And, of course, there is that part of the organization’s
fighting capability that renders them the “biggest and best-organized” opposition
grouping (which can then be presented to the American people as
the badge of their righteousness): Mojahedin’s armed forces,
currently and for the past twenty years, stationed in Iraqi Kurdistan.
These armed capabilities, including tank squadrons, are mostly
rusted; much like their fighters who are by now mostly graying
men and women. Hardly a guerrilla organization anymore, their fighting
capabilities isolated, demoralized, paranoid, trapped and at the
mercy of various dictators: Saddam Hussein, then Paul Bremer, and
then Allawi/Pentagon. Take your pick which one’s worse.
As for their political maneuverings, the Mojahedin, starting
with their collusion with Bani-sadr, have made one political blunder
after another. Let us not pass too quickly over Bani-sadr. In polite
society he has come to be remembered as a liberal in casual as
well as academic conversations; a man with social democratic visions.
Due to his lack of political foresight, he did not serve long enough
for history to be left with any evidence of his “social democratic” policies.

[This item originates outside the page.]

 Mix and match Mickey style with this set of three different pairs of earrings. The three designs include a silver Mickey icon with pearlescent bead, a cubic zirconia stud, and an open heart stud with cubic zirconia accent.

More comically and to the point, however, his “theoretical” intervention
in the debate over hejab (the covering of hair and limbs required
of women mostly) is better remembered.
When the then newly-self-installed
anti-revolutionary regime was organizing its first attacks against
the people’s democratic demands, by targeting Iranian women,
Bani-sadr, the President at the time, the Sorbonne alumni “liberal” man
of enlightenment claimed that women’s hair, it turns out,
emanate a certain radiation, proven scientifically to exist, which
awaken lust and evil thoughts among men, and that is why they should
spare us the mayhem their hair could unleash and wear that hejab!

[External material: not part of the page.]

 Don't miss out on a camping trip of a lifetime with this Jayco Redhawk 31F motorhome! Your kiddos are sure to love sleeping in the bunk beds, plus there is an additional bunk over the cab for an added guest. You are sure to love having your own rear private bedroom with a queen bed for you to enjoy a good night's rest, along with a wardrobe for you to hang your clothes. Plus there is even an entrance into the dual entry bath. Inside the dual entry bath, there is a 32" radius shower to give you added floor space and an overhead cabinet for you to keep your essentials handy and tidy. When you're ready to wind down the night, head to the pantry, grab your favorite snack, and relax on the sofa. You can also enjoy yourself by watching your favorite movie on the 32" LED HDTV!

This is no satirical hyperbole. He really claimed this.
Women were not the only subjects of Bani-sadr’s espousals.
His government was a strong believer in the “territorial
integrity doctrine,” according to which national minorities
should keep quiet about such basic human rights as speaking their
own languages in their schools, since this would naturally lead
to cessations and the eventual disintegration of the country. Why
the latter would “naturally” follow from the former
is a mystery to democratic-minded people, minority or not.
It took only a few months into the new regime for the national
minorities to start putting forth their demands regarding their
cultural rights and for an end to the oppression of their languages
(among other things). The first provisional government, headed
by Bazargan, had already declared a harsh attitude against voicing
any such rights, and militarily suppressed the Arabs (in the southwest)
and the Turkmen (in the north). After winning the first presidential
elections, Bani-sadr’s government in 1980 continued the same
national-chauvinistic policy, and in response to the just and equitable
demands made by Kurdish political organizations, he sent in the
army, occupied the entire Kurdish province, declared martial law
and suspended all Kurdish citizens’ basic human rights. All
that so the Kurds would not speak their language.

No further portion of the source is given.